William Otis Crosby (January 14, 1850, Decatur , Byrd Township, Brown County, Ohio - 31 December 1925, Boston) - American geologist and engineer, Professor of the Massachusetts Institute of Technology (1906), a member of the American Academy of Arts and Sciences (1881).

Biography 
He graduated from the Massachusetts Institute of Technology (1876), receiving a bachelor's degree.

Since 1875, while still a student, he was an assistant in geology and mineralogy in the Boston Society of Natural History, where he worked under the guidance of the famous paleontologist Alpheus Hyatt.

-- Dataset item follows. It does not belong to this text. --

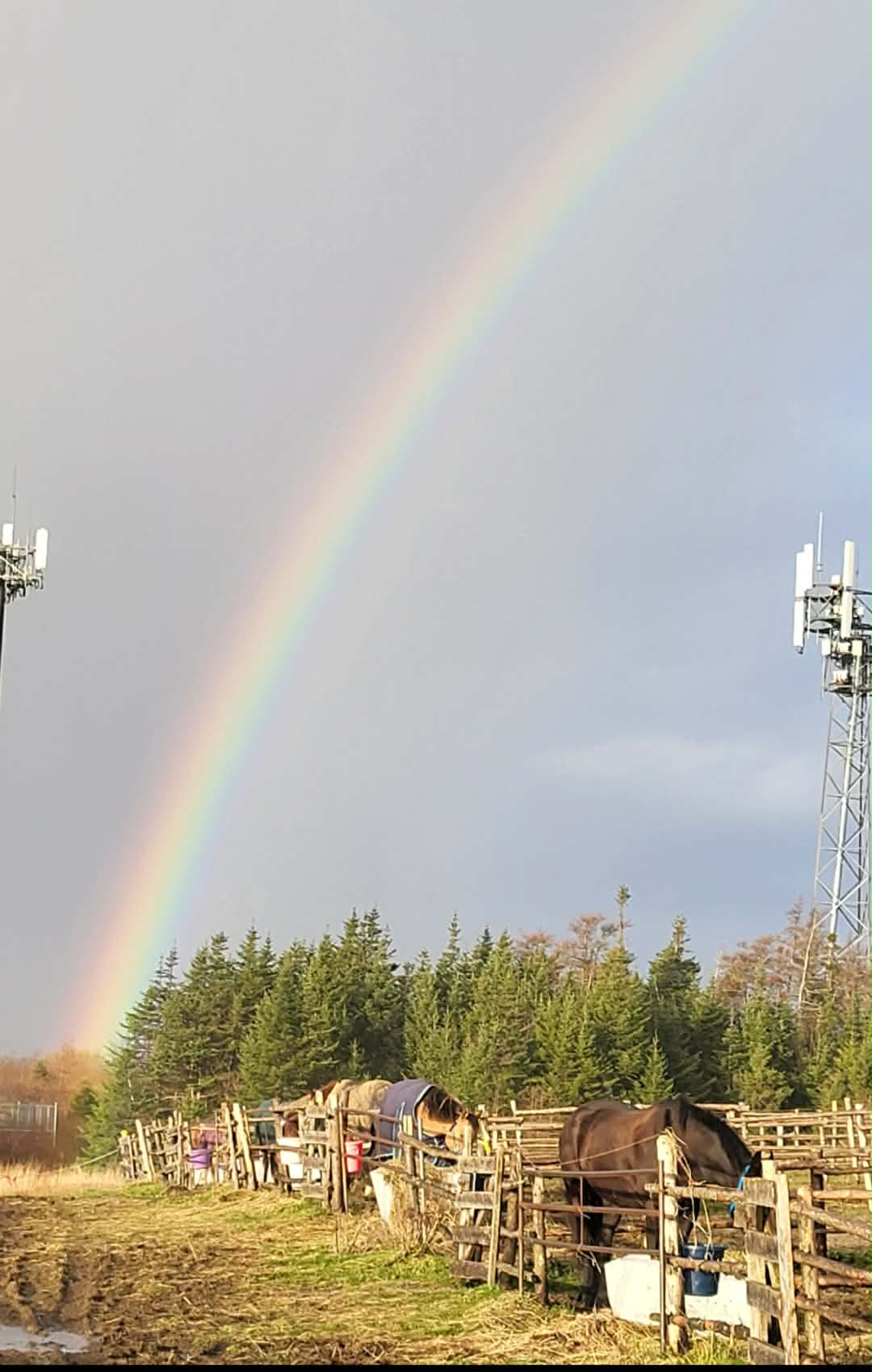 Large, individual paddocks, daily turnout and feeding. Sometimes includes a rainbow.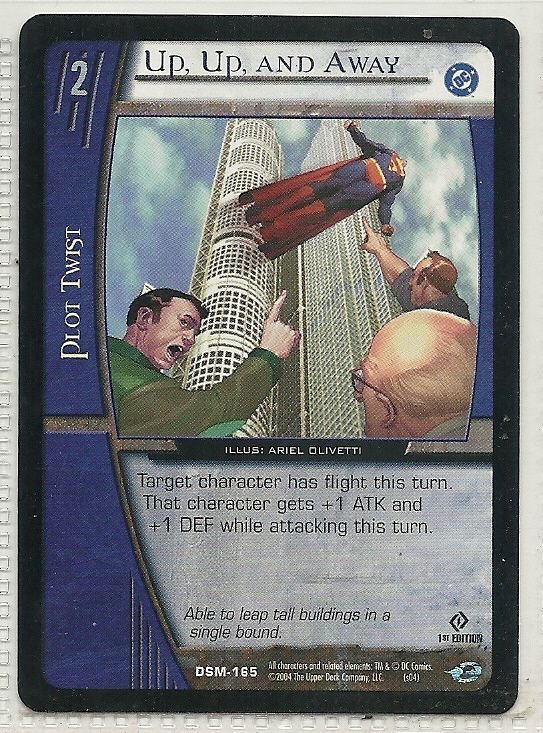 more Great cards @ www.everythingcollectibles.biz For Sale is a vs system Man Of Steel Card DSM-165 Up, Up, and Away Common. all single cards are shipped in Penny Sleeves and top loaders. all orders ship with delivery confirmation as well. we usually ship within 2 days of receiving an order. Shipping is a Flat $2 no matter how many cards you buy 1 or 1000 its still $

After graduating from the Massachusetts Institute of Technology, he was invited to the position of instructor at the same institute in the Department of Geology (1878-1883).

In 1881 he was elected a member of the American Academy of Arts and Sciences in Cambridge, Massachusetts.

In 1883 he received the post of assistant and held this post until 1902. Then he worked as an assistant professor (1902-1906) and professor of mineralogy and lithology until 1907, when progressive deafness led him to the need for resignation.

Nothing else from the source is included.